**Directions**
Look below for the line containing "Among the first" and the line containing "很幸運身為這條航線的首批乘客"; repeat exactly those two lines and all lines between them, and nothing else.

Provided data below:

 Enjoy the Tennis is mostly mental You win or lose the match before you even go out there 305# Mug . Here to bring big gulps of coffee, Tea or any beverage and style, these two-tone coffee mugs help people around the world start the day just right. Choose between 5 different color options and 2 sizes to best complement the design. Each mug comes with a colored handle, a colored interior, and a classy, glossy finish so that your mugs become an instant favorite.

End of Provided data.
Provided data below:

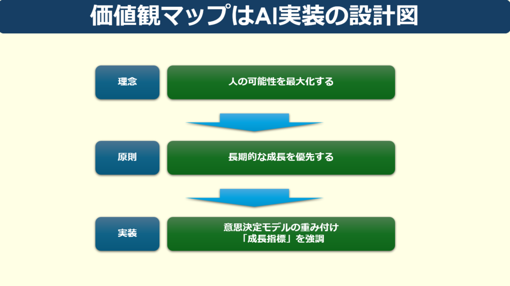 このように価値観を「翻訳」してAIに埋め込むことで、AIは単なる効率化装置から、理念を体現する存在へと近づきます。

End of Provided data.
Provided data below:

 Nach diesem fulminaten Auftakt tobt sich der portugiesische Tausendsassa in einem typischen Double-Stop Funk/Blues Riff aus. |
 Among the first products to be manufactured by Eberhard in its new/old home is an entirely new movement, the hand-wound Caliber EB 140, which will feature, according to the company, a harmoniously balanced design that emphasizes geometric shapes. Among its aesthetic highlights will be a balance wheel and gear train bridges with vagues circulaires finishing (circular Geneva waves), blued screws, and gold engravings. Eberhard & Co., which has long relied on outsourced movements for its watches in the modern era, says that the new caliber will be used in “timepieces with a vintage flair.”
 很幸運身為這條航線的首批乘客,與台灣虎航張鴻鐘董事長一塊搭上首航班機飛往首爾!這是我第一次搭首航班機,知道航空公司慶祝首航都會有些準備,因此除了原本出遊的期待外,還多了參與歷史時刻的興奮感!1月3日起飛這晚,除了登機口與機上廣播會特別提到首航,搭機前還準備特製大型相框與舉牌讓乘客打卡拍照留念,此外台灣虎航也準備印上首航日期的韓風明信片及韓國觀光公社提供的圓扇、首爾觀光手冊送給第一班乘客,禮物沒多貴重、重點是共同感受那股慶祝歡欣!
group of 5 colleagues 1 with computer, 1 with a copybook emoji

End of Provided data.

**Completed task**
 Among the first products to be manufactured by Eberhard in its new/old home is an entirely new movement, the hand-wound Caliber EB 140, which will feature, according to the company, a harmoniously balanced design that emphasizes geometric shapes. Among its aesthetic highlights will be a balance wheel and gear train bridges with vagues circulaires finishing (circular Geneva waves), blued screws, and gold engravings. Eberhard & Co., which has long relied on outsourced movements for its watches in the modern era, says that the new caliber will be used in “timepieces with a vintage flair.”
 很幸運身為這條航線的首批乘客,與台灣虎航張鴻鐘董事長一塊搭上首航班機飛往首爾!這是我第一次搭首航班機,知道航空公司慶祝首航都會有些準備,因此除了原本出遊的期待外,還多了參與歷史時刻的興奮感!1月3日起飛這晚,除了登機口與機上廣播會特別提到首航,搭機前還準備特製大型相框與舉牌讓乘客打卡拍照留念,此外台灣虎航也準備印上首航日期的韓風明信片及韓國觀光公社提供的圓扇、首爾觀光手冊送給第一班乘客,禮物沒多貴重、重點是共同感受那股慶祝歡欣!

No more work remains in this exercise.